September 11, 2020

TIFF DAY 1: Chilling at Home With Werner Herzog and Some Meteors

It’s that time of year again—but what a different year. The Toronto International Film Festival, COVIDVERSE edition, has begun.

The show must go on, though with a slate one-fifth of the usual size.

There are distanced and drive-in screenings, but we are forgoing those entirely in favor of digital screenings. For $19 - $26 a pop, viewers in Canada who grabbed tickets in time can watch on digital devices. Options include Chromecast, so we’ll be hunkering down in front of our home theater setup for a total of 39 films. No TIFF unfolds without technical problems, but this time an entire new set of them awaits!

Many rights holders are sitting on completed films hoping to launch them when normalcy returns to film exhibition. TIFF 2020 titles skew less toward the offbeat genre items that make up my typical must-see list and more to documentary, Canadian and generally serious fare. I did snap up tickets for the three Midnight Madness titles.

Normally we see 45 films each. We’ll be filling in the gaps with titles already on streaming services. Most years there’s a documentary about film near the start of the fest, so I’ve found one of those. We usually strive to stack up fun, poppier choices on the last Sunday, so I’ve picked out a substitute slate to replicate that. To not be weird, I’ll be putting capsule reviews of those flicks in our weekly Ken and Robin Consume Media feature, not here.

Pandemic Festival tosses our finely-tuned logistical routines, honed over 34 years, out the window. I’m sure you’re all anxious to hear about the profound changes this wreaks on our snack game.   

I’ve drawn up a specific schedule of screening times to keep us on track, with break times marked. Finally we can pause TIFF films for brief naps. We’ll be making a point to go out and speed-walk around the block to mimic the salutary effects of dashing between venues.

And as for the dudes loudly voicing wrong movie opinions while we’re packed, sardine-style, in line-ups at the Lightbox or Scotiabank, well, we’ll just have to imagine what they had to say about opening night:

Fireball: Visitors from Darker Worlds [US, Werner Herzog & Clive Oppenheimer, 4] Documentary explores the science and mythology of meteor, from Chicxulub to ʻOumuamua. The intersection between scientific discovery and religious awe, central to all of Herzog’s gorgeous, delightful nature docs, rises from subtext to text through the intercession of traditional elders, joyful researchers, and the Jesuit scholar of the Vatican’s heaven stone collection.

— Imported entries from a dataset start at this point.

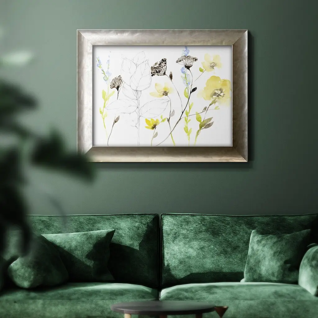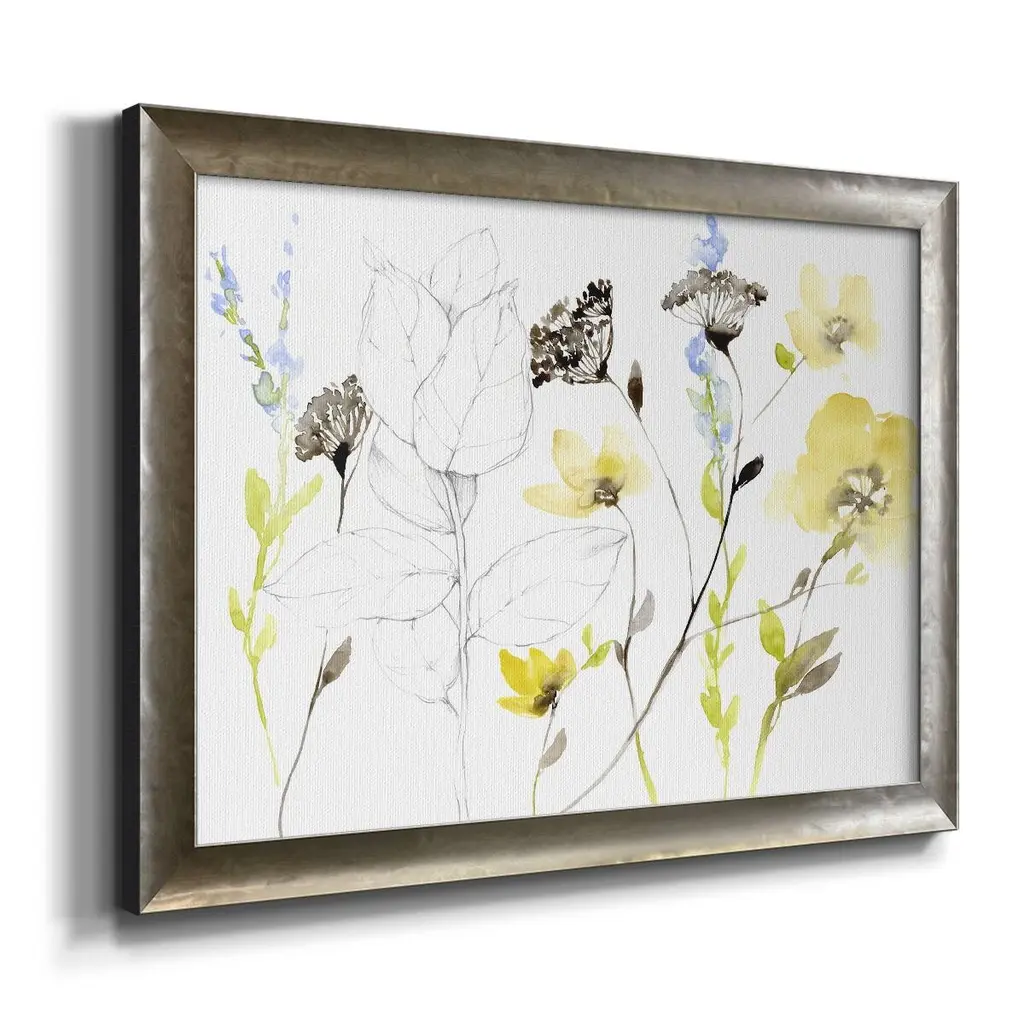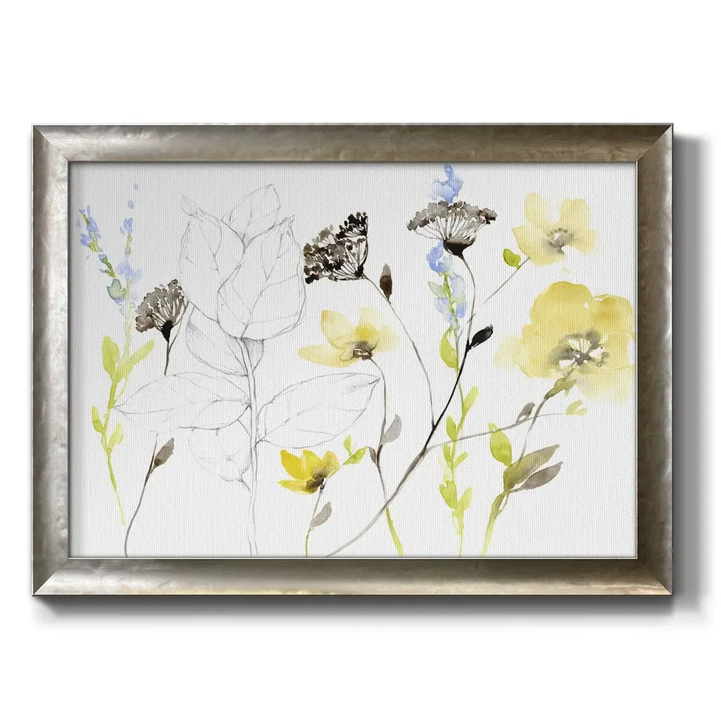 Wild Flowers & Contour I Premium Framed Canvas- Ready to Hang A Premium Framed Canvas created to last. Framed in distressed wood and available in an array of sizes and colors Featuring a beveled a solid wood stretcher bar, each piece comes ready to hand 3 SIZES AVAILABLE 16''X20'' - Overall Size 18'X27'' - Overall Size 24''x36'' - Overall Size Each piece is made to order. Each piece comes with hanging hardware. Made in the USA Ready to Hang Giclee Paper Print Acrylic Glass Beveled Matt Board
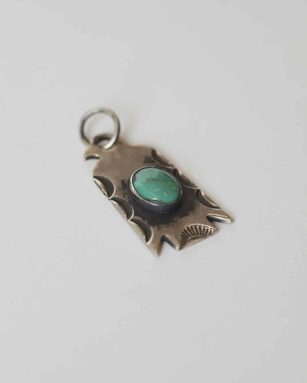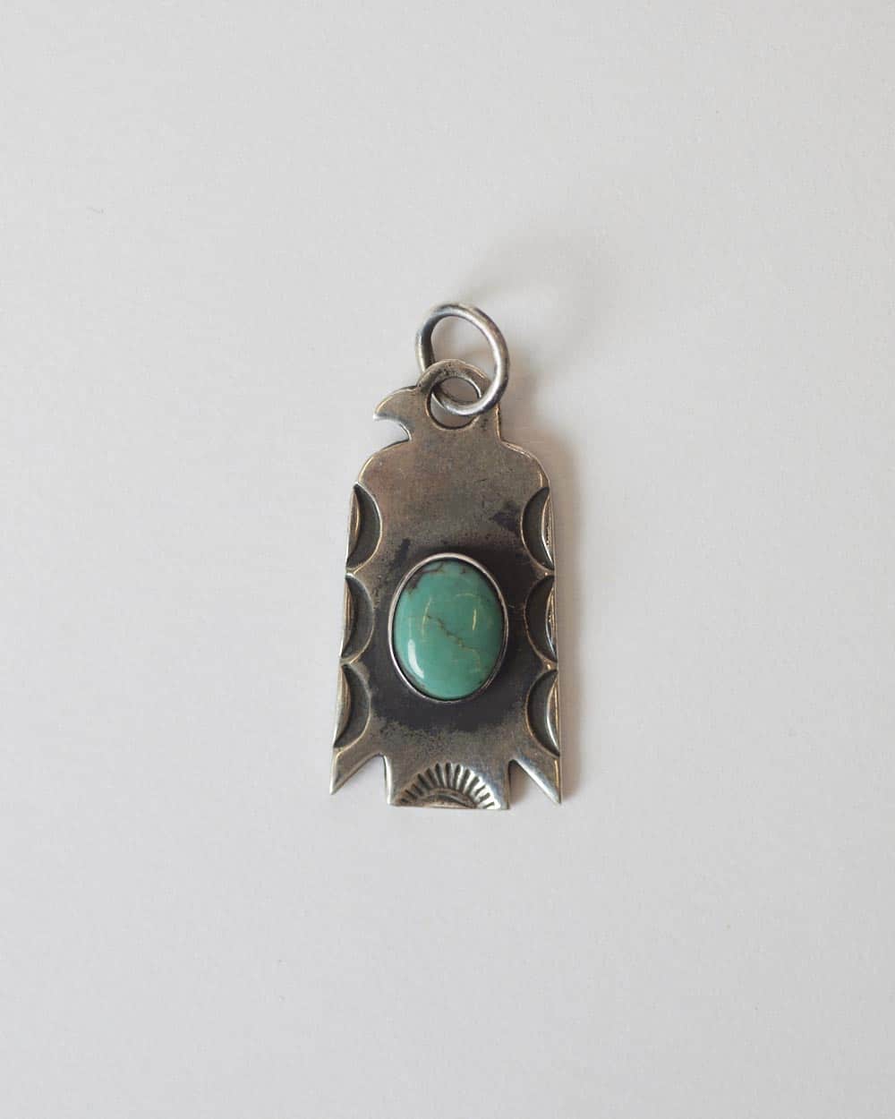 The Mini Turquoise Bird Charm is inspired by souvenirs sold to tourists in the South Western USA during the 1930s. It is designed to be worn on a chain, either alone or stacked together with multiple pendants. The Native Thunderbird Symbol represents power, protection, and strength and is often seen as the most powerful of all spirits.
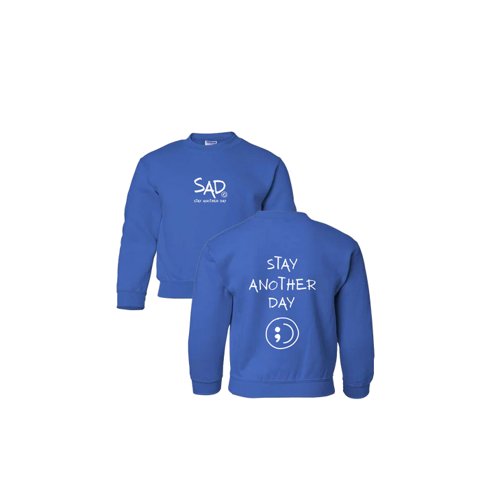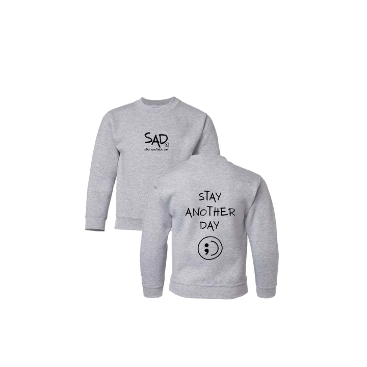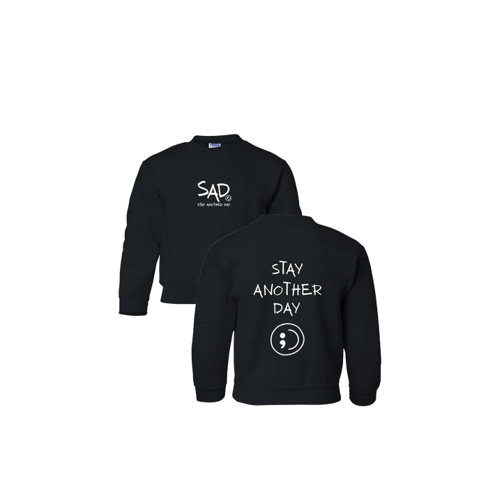 Stay Another Day youth Crewneck featuring our original screen printed design. This super comfortable Crewneck features the small SAD logo on the front with the Stay Another Day text below, as well as the Youth Larger Stay Anohter Day Logo with Smiley print on the back.
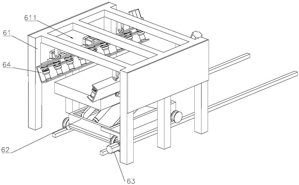 本实用新型属于板材加工技术领域,涉及一种板材自动涂胶设备的下料堆叠装置,包括:支撑架,所述支撑架的两内侧壁均设有安装槽,下料升降梯,承托机械手,用于将板材依次放置到下料升降梯上,和移动组件,用于驱动下料升降梯进行移动,所述移动组件位于支撑架的正下方,所述下料升降梯与移动组件固定连接,所述承托机械手固定连接在两个安装槽内。本实用新型通过承托机械手与下料升降梯的配合能够将涂好胶的板材自动下料并堆叠好,大大降低了工人的劳动强度。

Enemies of the State [US, Sonia Kennebeck, 4] Documentary pulls apart a labyrinth of contradictory evidence around Matthew DeHart, an Indiana man who was framed for child pornography by the FBI as part of a Wikleaks espionage case, or created a story of secret files to shield himself either cooked up a Wikileaks-related espionage smokescreen to mask his sex crimes. Invites the viewer to join a filmmaking team as it goes ever deeper down a rabbit hole.



Capsule review boilerplate: Ratings are out of 5. I’ll be collecting these reviews in order of preference in a master post the Monday after the fest. Films shown on the festival circuit will appear in theaters, disc and/or streaming over the next year plus.